The output should be all lines of the entries below in which the word "this" occurs.

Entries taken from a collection
______

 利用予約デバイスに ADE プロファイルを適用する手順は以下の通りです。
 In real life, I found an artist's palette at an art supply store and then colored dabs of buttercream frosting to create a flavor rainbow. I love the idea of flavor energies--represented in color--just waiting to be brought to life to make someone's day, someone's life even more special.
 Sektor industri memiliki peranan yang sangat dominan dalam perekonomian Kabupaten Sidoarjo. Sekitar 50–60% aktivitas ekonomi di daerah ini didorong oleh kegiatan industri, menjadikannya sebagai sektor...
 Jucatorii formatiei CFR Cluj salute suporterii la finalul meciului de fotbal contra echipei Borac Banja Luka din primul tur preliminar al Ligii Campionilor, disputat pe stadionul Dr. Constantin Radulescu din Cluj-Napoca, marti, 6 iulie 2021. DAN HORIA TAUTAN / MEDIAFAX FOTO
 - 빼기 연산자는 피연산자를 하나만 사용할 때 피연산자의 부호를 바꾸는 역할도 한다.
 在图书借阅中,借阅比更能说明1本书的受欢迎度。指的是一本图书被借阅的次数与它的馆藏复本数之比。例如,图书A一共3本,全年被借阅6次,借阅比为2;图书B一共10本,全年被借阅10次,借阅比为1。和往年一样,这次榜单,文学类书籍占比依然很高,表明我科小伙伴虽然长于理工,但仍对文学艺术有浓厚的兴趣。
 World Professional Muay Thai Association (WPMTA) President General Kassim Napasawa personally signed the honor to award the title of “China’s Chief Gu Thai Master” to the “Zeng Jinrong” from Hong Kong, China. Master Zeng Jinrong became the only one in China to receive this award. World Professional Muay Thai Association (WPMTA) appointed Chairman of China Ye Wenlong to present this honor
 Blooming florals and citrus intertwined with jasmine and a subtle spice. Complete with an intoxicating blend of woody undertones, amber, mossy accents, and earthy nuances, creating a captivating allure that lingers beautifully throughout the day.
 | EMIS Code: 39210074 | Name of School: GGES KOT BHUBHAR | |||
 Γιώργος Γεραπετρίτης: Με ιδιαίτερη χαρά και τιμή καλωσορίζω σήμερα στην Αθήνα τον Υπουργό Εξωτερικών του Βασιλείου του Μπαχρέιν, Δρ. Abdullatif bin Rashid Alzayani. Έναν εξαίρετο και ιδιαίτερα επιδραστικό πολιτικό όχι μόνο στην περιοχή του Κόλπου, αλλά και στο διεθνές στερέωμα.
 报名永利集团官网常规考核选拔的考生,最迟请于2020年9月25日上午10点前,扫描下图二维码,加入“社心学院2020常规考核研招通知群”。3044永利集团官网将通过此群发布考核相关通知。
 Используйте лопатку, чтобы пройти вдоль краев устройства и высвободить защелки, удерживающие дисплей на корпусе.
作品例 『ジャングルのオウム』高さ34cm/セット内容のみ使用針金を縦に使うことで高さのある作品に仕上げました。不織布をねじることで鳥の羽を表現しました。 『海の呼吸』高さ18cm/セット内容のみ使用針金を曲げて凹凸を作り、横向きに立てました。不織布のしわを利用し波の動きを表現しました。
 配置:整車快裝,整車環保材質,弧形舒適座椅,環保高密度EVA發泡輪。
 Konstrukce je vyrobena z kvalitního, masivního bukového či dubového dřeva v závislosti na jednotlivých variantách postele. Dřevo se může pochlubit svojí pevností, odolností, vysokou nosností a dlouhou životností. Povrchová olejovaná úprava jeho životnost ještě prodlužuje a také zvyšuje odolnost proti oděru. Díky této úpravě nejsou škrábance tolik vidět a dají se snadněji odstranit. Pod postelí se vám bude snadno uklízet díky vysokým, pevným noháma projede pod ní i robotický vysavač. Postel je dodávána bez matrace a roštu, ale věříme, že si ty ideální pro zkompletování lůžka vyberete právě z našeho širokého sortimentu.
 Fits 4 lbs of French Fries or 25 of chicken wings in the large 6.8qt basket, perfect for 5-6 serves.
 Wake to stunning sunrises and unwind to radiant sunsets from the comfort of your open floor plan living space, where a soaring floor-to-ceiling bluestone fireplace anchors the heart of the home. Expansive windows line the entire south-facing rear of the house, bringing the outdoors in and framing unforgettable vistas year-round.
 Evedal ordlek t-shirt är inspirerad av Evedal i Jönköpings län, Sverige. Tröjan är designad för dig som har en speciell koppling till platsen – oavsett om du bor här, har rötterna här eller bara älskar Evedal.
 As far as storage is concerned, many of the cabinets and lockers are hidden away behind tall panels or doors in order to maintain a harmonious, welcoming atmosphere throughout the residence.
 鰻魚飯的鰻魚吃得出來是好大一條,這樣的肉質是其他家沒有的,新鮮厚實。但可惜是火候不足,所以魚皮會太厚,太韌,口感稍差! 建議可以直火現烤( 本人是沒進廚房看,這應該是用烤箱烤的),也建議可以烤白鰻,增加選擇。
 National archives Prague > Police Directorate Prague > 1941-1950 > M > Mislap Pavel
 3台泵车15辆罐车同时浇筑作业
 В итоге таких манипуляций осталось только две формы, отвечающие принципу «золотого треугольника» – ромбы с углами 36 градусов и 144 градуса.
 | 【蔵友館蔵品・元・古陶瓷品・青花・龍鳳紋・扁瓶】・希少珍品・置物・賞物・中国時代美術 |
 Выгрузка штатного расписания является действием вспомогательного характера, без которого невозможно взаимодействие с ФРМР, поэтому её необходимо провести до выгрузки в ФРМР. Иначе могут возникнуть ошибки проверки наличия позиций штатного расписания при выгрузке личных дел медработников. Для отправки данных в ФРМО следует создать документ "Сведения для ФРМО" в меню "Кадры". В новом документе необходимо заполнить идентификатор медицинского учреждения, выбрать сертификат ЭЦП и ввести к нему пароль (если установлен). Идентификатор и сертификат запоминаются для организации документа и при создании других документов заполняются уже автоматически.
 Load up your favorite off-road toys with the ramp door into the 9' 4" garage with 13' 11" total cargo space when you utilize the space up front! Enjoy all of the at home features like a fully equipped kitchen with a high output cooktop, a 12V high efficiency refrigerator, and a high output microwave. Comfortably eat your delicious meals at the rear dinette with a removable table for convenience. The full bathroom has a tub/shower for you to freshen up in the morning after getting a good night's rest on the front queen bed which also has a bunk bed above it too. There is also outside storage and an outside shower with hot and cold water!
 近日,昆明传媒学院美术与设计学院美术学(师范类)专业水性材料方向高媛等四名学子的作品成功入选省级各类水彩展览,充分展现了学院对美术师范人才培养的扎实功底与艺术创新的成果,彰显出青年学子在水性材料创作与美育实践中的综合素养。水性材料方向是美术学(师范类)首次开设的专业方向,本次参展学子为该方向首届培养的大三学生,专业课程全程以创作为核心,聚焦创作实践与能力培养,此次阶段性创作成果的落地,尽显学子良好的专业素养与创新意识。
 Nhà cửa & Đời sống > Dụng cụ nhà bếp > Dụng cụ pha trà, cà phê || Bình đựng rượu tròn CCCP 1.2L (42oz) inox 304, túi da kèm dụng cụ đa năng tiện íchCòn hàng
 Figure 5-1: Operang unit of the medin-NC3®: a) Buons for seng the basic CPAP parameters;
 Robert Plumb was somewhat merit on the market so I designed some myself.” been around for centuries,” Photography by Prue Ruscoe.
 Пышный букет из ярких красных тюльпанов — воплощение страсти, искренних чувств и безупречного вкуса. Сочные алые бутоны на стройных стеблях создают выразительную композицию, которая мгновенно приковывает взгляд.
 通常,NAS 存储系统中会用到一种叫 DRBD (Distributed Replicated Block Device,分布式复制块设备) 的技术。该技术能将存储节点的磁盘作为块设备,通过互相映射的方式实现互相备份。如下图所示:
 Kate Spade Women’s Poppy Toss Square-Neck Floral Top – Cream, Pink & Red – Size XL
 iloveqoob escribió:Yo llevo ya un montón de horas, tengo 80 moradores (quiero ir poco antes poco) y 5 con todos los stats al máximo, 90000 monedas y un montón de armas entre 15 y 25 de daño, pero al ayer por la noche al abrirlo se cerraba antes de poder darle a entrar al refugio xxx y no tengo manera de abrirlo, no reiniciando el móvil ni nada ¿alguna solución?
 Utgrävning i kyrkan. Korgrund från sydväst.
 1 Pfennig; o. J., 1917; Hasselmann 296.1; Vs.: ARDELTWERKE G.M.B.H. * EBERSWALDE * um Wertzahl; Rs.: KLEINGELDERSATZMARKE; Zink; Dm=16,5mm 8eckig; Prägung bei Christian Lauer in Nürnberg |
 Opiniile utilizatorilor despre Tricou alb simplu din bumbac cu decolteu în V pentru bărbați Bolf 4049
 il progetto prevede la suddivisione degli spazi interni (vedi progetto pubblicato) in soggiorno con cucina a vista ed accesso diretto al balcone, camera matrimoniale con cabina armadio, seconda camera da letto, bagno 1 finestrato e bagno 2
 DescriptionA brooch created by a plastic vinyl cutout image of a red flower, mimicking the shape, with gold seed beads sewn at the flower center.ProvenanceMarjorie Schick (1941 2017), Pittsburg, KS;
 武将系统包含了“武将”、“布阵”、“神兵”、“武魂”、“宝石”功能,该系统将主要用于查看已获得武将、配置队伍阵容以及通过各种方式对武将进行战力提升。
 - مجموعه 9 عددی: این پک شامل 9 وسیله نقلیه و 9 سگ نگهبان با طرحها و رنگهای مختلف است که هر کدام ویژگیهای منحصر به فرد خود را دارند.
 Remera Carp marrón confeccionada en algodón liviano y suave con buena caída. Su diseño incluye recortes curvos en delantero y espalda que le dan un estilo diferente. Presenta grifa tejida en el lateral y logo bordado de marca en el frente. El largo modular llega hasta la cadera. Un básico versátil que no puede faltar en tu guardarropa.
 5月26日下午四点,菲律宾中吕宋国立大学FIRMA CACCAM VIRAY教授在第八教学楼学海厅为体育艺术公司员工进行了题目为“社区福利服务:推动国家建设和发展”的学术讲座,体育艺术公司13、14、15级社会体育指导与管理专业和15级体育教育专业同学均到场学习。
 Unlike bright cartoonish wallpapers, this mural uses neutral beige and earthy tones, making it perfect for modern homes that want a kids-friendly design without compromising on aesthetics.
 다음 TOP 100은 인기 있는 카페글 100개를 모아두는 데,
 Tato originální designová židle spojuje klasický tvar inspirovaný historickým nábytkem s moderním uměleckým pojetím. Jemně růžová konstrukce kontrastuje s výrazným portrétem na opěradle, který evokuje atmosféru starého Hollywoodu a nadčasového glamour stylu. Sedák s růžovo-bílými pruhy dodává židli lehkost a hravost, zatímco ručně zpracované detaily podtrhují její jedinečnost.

______

▶ **WRITTEN SOLUTION**:
 World Professional Muay Thai Association (WPMTA) President General Kassim Napasawa personally signed the honor to award the title of “China’s Chief Gu Thai Master” to the “Zeng Jinrong” from Hong Kong, China. Master Zeng Jinrong became the only one in China to receive this award. World Professional Muay Thai Association (WPMTA) appointed Chairman of China Ye Wenlong to present this honor
 Unlike bright cartoonish wallpapers, this mural uses neutral beige and earthy tones, making it perfect for modern homes that want a kids-friendly design without compromising on aesthetics.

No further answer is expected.